Segment Open

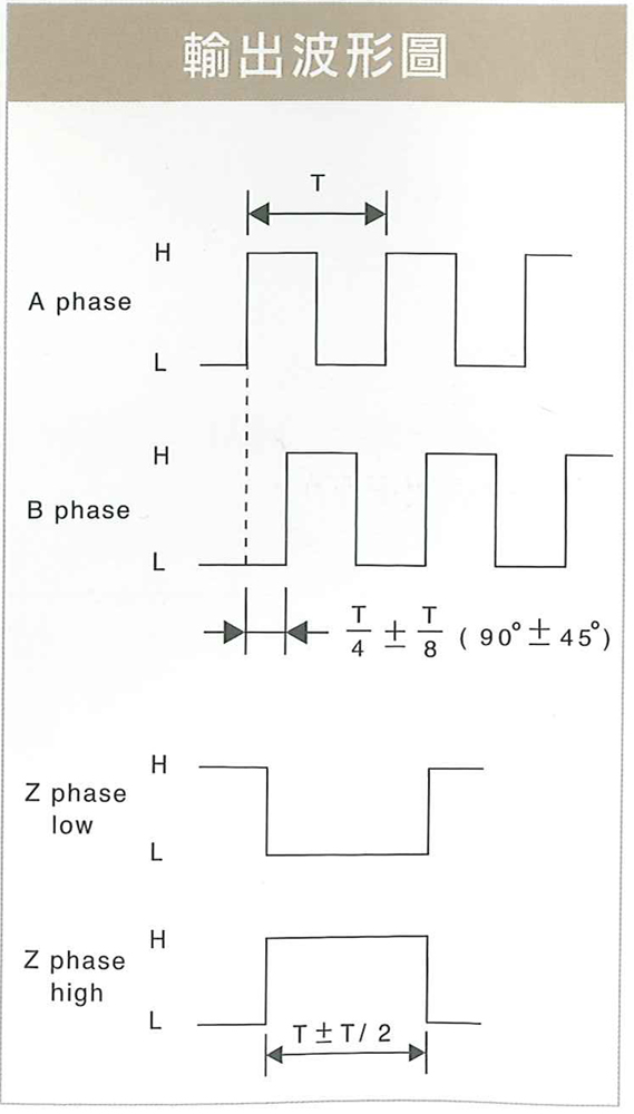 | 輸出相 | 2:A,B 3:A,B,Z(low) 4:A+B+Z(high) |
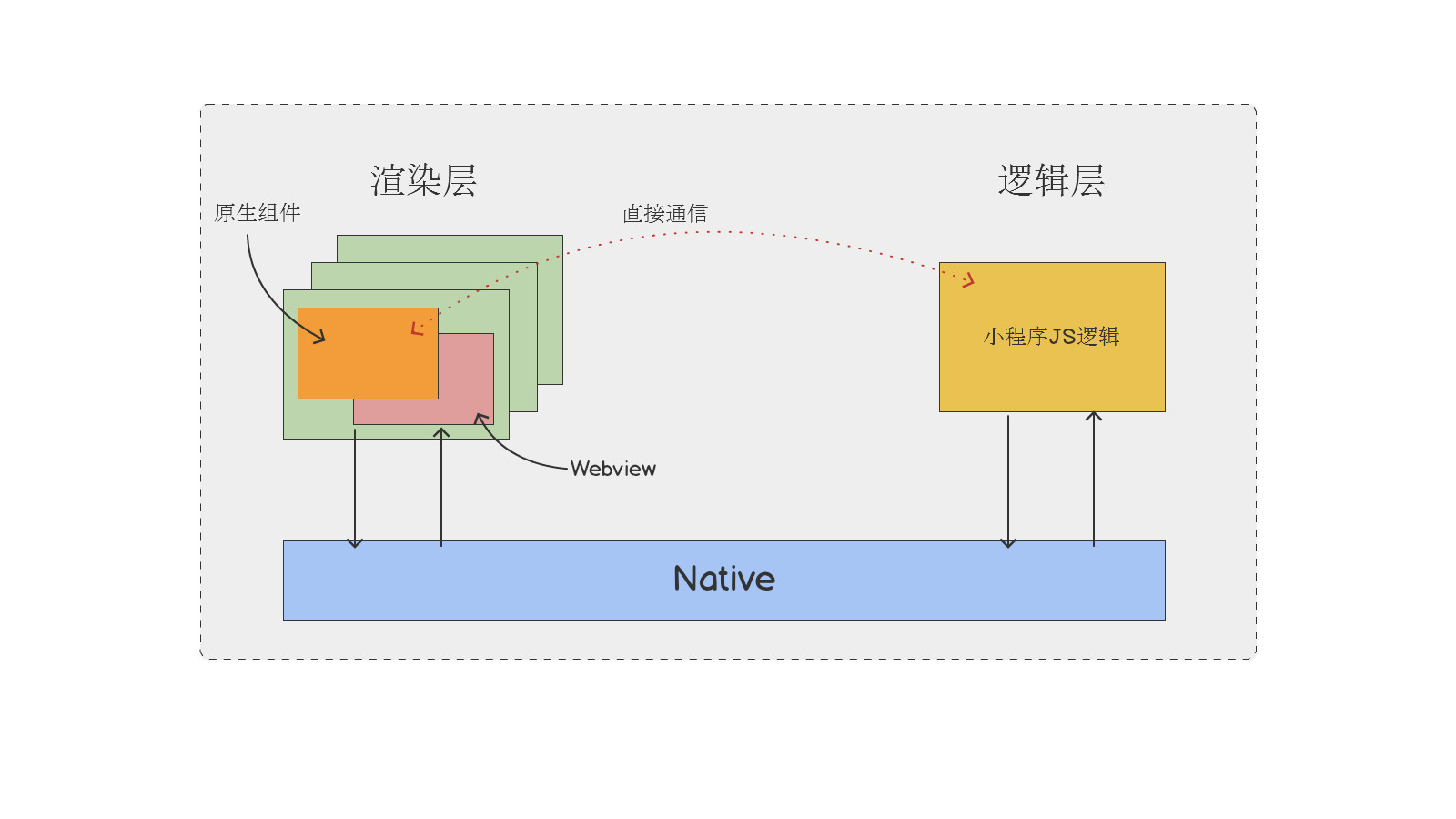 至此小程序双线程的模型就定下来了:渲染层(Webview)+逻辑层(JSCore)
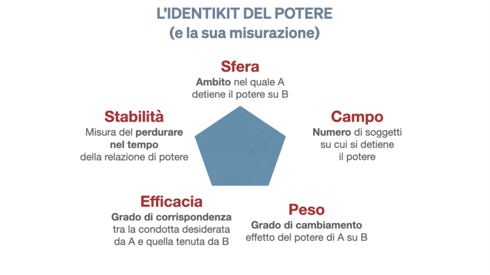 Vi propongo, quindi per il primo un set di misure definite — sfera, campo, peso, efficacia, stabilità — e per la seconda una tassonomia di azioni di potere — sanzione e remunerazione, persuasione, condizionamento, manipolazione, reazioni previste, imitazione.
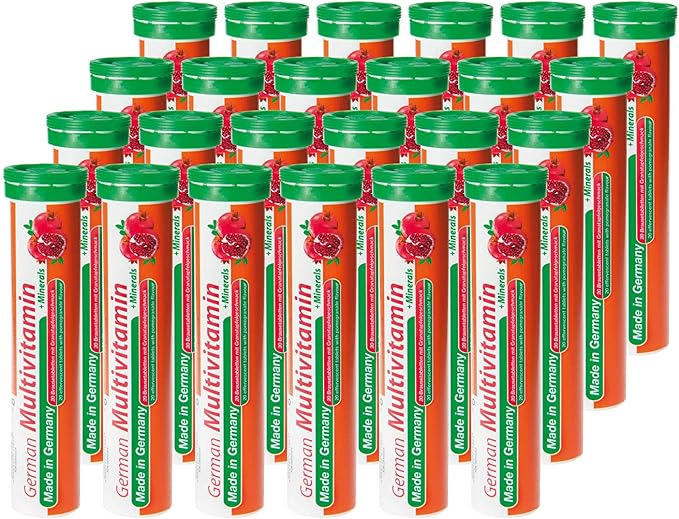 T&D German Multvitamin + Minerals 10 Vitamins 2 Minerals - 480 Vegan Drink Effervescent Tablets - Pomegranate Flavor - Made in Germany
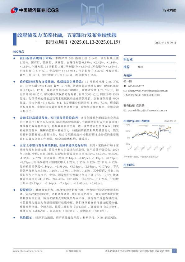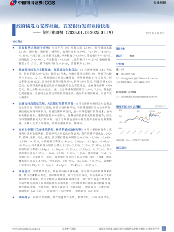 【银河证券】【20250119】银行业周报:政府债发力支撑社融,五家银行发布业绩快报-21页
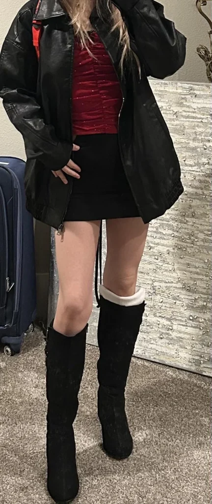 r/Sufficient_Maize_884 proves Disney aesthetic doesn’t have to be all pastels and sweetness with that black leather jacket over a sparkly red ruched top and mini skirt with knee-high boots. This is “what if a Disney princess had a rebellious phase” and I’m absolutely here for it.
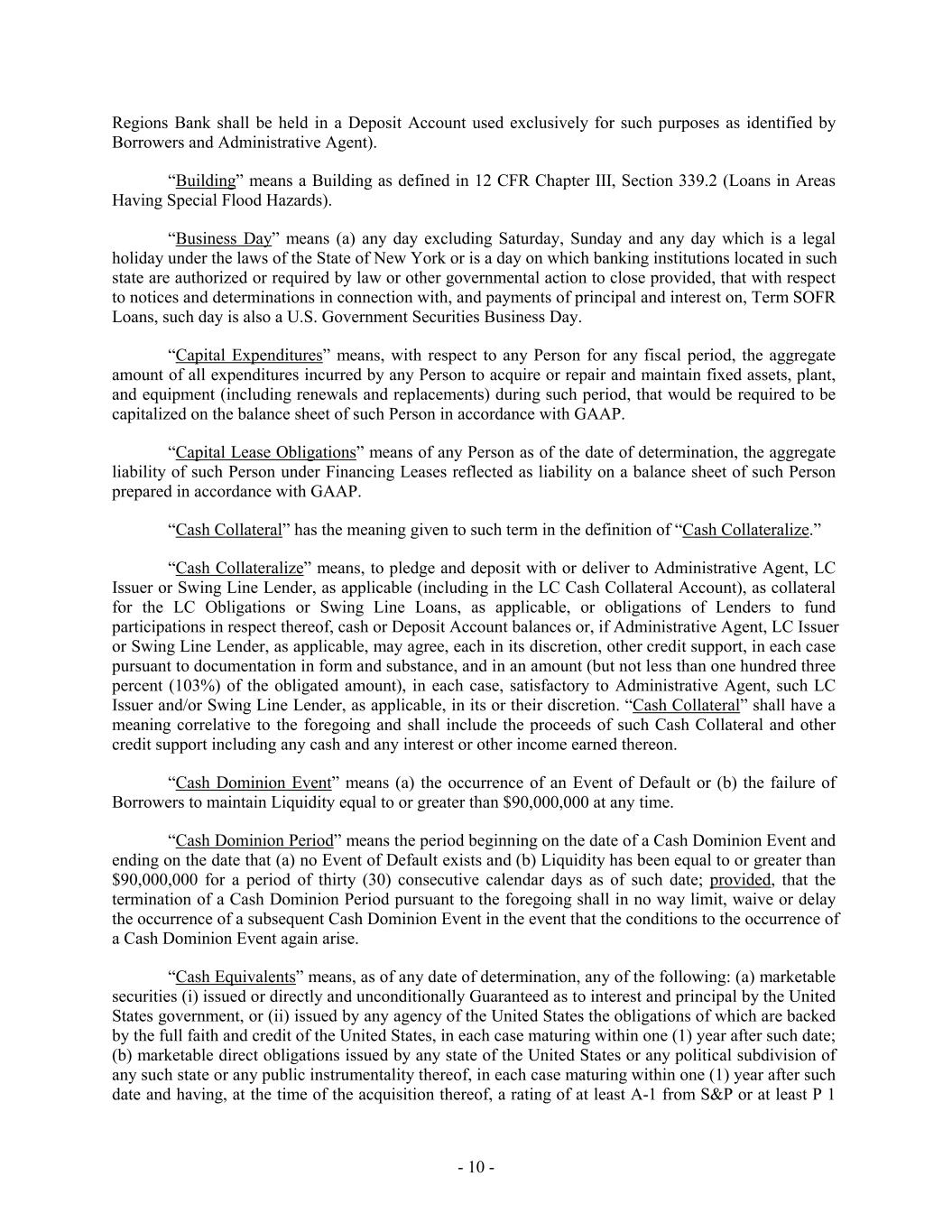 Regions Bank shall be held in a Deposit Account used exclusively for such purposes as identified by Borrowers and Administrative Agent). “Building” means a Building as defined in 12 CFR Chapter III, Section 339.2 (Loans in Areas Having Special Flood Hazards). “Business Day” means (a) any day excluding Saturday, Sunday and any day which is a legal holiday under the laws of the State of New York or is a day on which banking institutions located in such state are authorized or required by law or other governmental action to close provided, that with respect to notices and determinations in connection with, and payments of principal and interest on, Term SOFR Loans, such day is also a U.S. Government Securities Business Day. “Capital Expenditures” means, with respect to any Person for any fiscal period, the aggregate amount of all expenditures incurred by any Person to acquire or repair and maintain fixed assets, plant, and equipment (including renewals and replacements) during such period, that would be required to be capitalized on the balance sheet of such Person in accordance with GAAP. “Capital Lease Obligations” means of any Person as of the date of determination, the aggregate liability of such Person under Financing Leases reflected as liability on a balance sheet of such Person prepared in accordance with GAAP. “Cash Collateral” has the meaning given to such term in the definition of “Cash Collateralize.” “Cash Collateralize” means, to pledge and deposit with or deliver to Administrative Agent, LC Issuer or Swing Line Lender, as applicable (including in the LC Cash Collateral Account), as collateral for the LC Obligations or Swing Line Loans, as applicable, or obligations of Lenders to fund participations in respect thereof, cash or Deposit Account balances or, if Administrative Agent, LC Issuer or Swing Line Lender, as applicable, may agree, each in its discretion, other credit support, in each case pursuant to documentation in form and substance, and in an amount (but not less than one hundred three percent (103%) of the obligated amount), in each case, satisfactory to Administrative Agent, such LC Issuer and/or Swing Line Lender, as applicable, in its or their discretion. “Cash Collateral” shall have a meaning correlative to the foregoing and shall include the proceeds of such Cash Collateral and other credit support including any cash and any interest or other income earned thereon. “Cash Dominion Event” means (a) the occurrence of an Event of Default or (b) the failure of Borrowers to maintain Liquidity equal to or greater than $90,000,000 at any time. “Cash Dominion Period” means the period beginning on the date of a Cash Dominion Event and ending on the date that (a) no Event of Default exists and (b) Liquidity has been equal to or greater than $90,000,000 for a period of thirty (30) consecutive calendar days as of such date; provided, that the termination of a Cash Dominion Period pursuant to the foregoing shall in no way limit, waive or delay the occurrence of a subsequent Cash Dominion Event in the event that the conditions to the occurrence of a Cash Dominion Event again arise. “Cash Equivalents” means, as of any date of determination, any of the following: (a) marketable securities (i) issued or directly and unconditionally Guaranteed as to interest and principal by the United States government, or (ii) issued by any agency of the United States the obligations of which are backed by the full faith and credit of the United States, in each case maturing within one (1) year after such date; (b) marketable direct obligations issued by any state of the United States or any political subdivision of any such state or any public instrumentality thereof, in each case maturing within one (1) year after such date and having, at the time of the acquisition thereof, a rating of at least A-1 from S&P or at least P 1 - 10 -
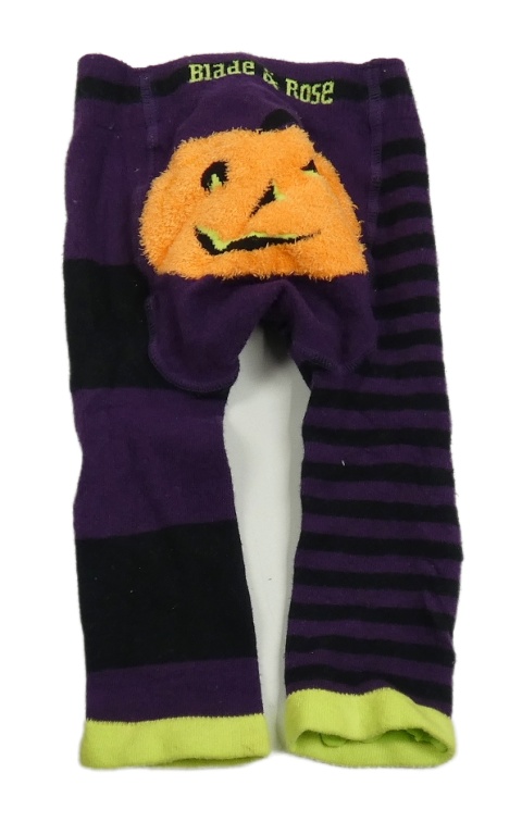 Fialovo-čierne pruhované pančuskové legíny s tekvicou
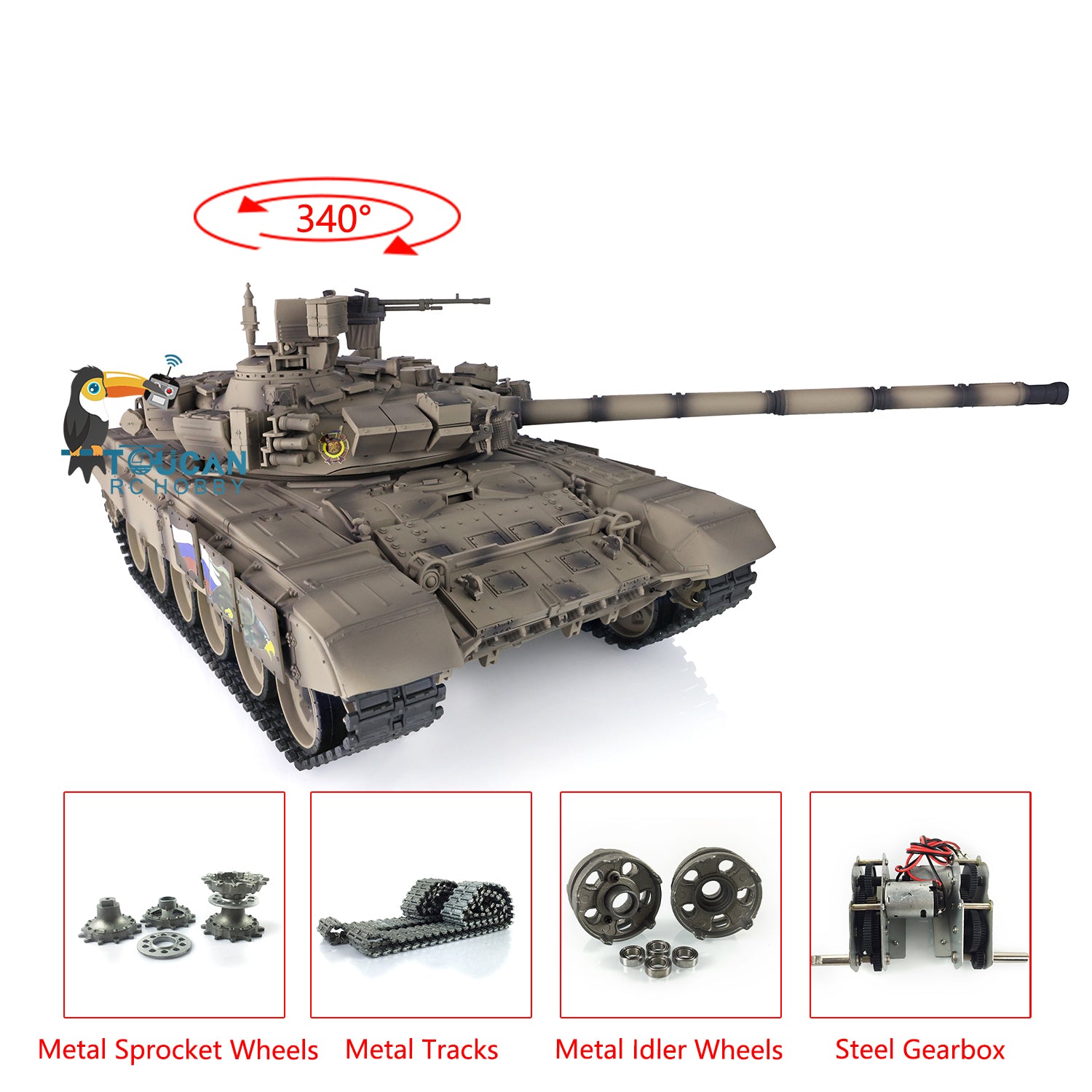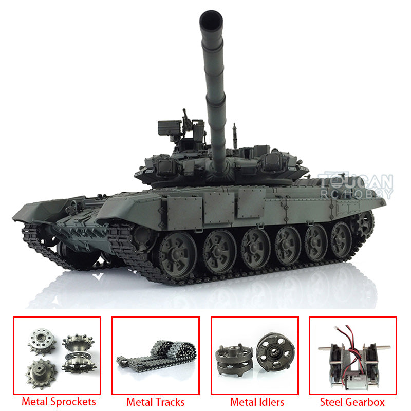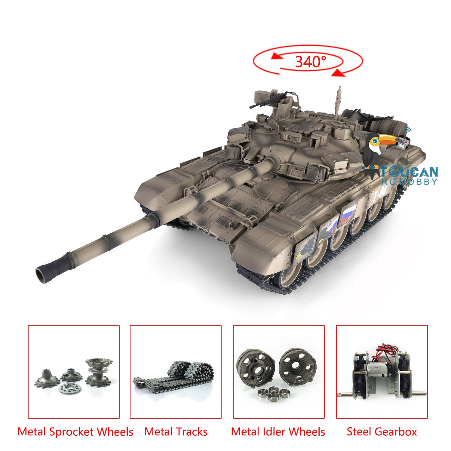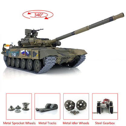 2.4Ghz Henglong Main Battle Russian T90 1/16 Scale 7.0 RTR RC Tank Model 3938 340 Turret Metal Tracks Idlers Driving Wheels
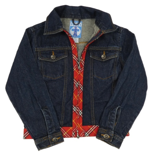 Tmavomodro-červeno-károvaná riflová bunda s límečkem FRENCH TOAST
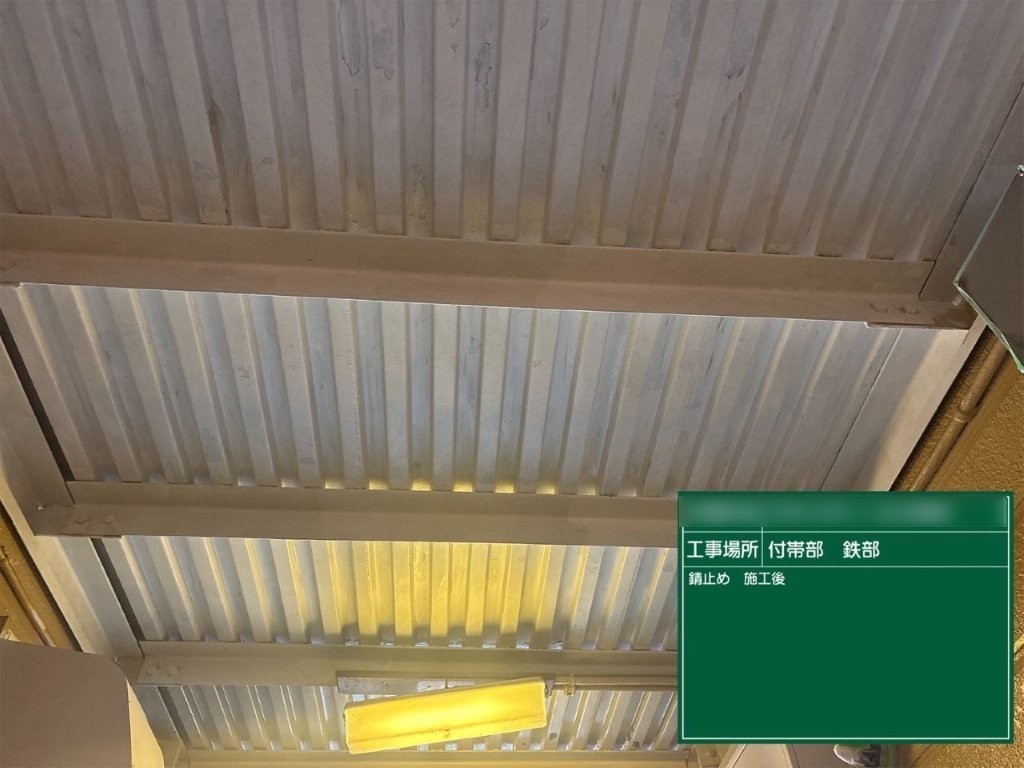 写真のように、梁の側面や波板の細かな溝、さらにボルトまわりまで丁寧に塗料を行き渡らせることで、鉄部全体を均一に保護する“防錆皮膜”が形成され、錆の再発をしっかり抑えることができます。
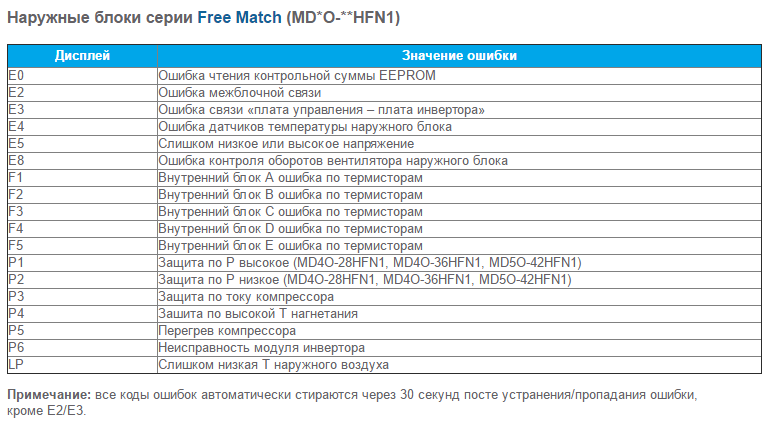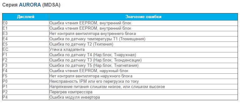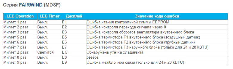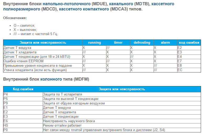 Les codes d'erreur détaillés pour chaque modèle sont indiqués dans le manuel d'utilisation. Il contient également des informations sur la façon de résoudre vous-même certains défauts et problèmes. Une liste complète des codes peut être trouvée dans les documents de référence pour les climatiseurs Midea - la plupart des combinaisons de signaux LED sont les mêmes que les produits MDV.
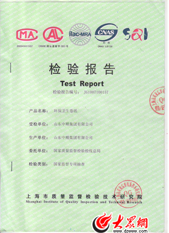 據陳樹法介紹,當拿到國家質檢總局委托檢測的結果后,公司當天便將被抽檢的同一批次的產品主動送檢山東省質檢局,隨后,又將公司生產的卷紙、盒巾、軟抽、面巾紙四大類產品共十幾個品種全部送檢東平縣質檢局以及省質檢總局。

Segment Closed

**Exercise instructions**: Repeat word for word the lines starting at the one with "写真のように、梁の側面や波板" and ending at the final line of the records above, both included; no pictures.

**Task result**:
 写真のように、梁の側面や波板の細かな溝、さらにボルトまわりまで丁寧に塗料を行き渡らせることで、鉄部全体を均一に保護する“防錆皮膜”が形成され、錆の再発をしっかり抑えることができます。
 Les codes d'erreur détaillés pour chaque modèle sont indiqués dans le manuel d'utilisation. Il contient également des informations sur la façon de résoudre vous-même certains défauts et problèmes. Une liste complète des codes peut être trouvée dans les documents de référence pour les climatiseurs Midea - la plupart des combinaisons de signaux LED sont les mêmes que les produits MDV.
 據陳樹法介紹,當拿到國家質檢總局委托檢測的結果后,公司當天便將被抽檢的同一批次的產品主動送檢山東省質檢局,隨后,又將公司生產的卷紙、盒巾、軟抽、面巾紙四大類產品共十幾個品種全部送檢東平縣質檢局以及省質檢總局。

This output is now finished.